Supercomputers are designed to run large workloads — such as weather forecasting or molecular modeling — as a single application across hundreds or even thousands of servers. Despite the initial similarities to cloud computing, some fundamental differences do exist between the two architectures, Kniep points out. And these differences must be accounted for if Docker or other cloud-native vendors wish to service this market.
For instance, to take advantage of specific acceleration hardware such as GPUs or high-speed interconnects, HPC applications are often host-specific — they were designed for one platform. In this sense, they are hardware-specific, rather than the hardware-agnostic approach that Docker adheres to. Secondly, HPC programs tend to be tightly-coupled. They may have multiple components, but they all need access to a shared memory space.
“HPC needs to run on shared resources,” as Kniep said in a talk at the 2018 HPC Advisory Council Swiss Conference (he gave a similar talk at ContainerDays EU last week). Unlike most Docker setups today, in an HPC setup, multiple nodes will be reading and writing to a single shared file system. Each node must also securely maintain its own set of data, without intrusion from other nodes.
Typically, Docker that gives the container the same privileges set within the container itself. This practice is unsecured, however, since someone can spin up a container with somebody else’s ID, giving them the full permissions of that user. For this reason, user and group permissions set by the container should not be trusted for security purposes.
As a proof-of-concept to solve this issue, Kniep developed a mini-proxy for the Docker engine that overwrites the container’s permissions with the permissions of the user who started the container. In this case, the permissions of the user are re-attached to the container, rather than relying on what the container itself claims.
Another big aspect of HPC is the ability of the application to bypass the operating system kernel altogether, a common approach in HPC to speed performance by allowing the application to communicate directly to specialized hardware such as GPUs or interconnects, without going through the OS.
An initial solution to this issue might be to move host-specific drivers onto the container, which would bloat the size of the container (The Nvidia Cuda driver alone can be as large as 1GB). A better option would be to put the drivers on the host, and then map them into the container itself. Each host could then map its own characteristics onto the container, using pre-defined “mount points.”

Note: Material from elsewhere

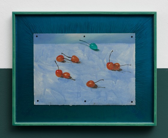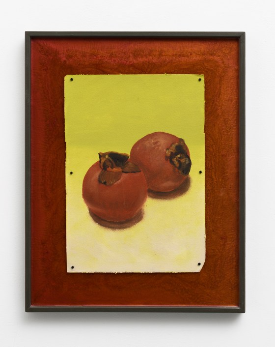 “cachi in compagnia”, 2025, olio su carta, cornice in resina, 38 x 46 cm

Kniep’s Docker engine proxy also handles this task, requiring only the input from the user about the hardware requirements (i.e. a GPU, or an Infiniband connect) as well as the location on the host of the shared library.
Work Needs to be Done
With these changes, you could use Docker to stage all containerized workloads on HPC systems, both those that require shared spaces and those that don’t. This approach would offer all the flexibility of virtual machines, but at the wire speed performance favored by HPOC enthusiasts.
Several open source initiatives have already tackled this problem of bringing containers to the HPC space, most notably Shifter, and Singularity. These efforts, Kniep warned, don’t follow the specifications of the Open Containers Initiative, and may be at architectural odds with the cloud-native tools that can be built on top of OCI’s runc and containerd.

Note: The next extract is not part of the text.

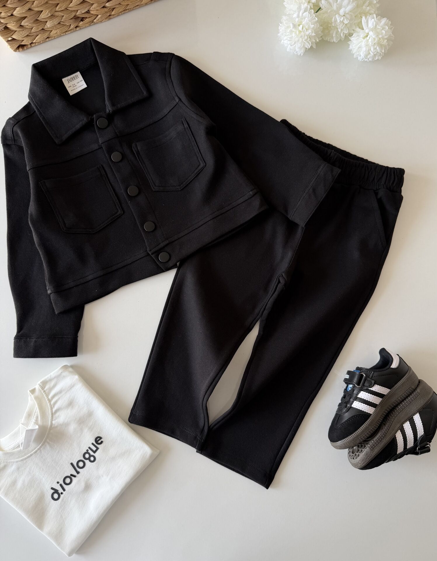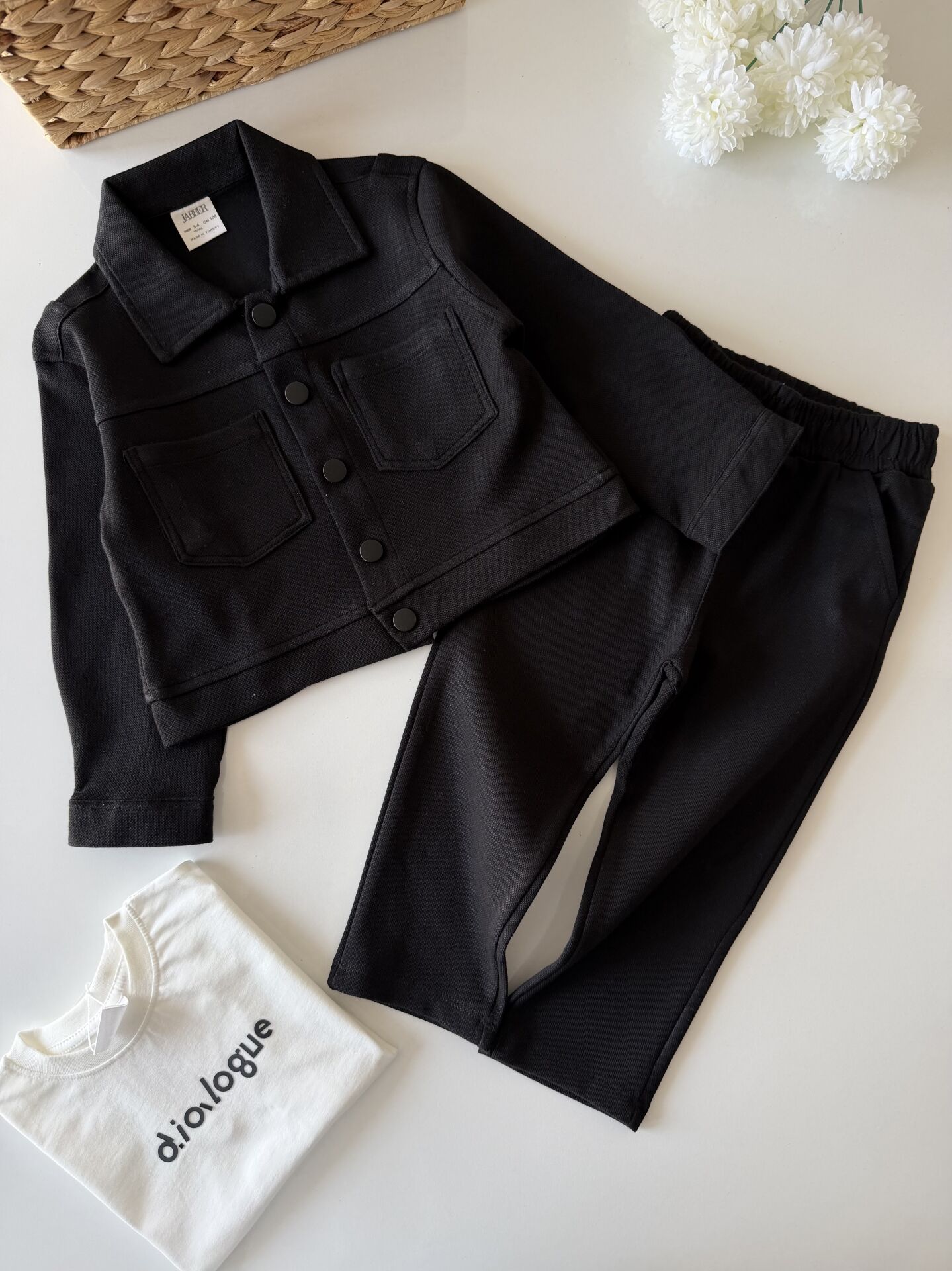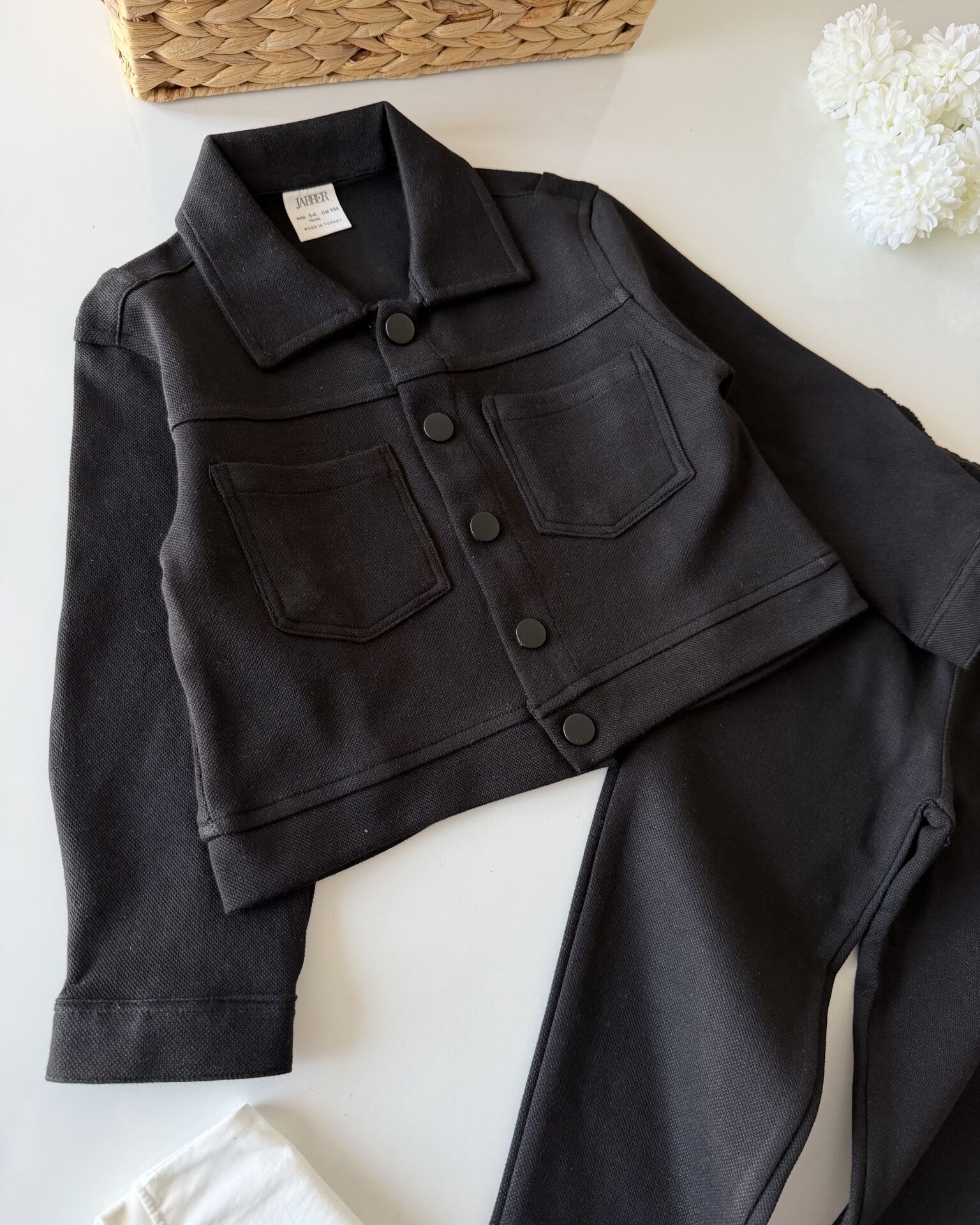 Asarkids Petekli Ceketli 3'lü Takım - Siyah

Beyond accommodating for shared memory and kernel bypass, more follow-up work would still be required, Kniep added. Work would need to be done to fit containerized workloads into HPC workload schedulers, most notably Slurm, which would pave the way for other HPC schedulers. These workload schedulers handle MPI, the complex Message Passing Interface that provides communications across different nodes running the same job.
Another nice to have feature would be support for diskless nodes, to save in deployment time. A job’s container image copied once on the shared file system, so a container engine on each node can spin up its own instance. This would be far more efficient than having thousands of container engines all download the same image from the same repository at once and then all extract the exact same file systems one by one.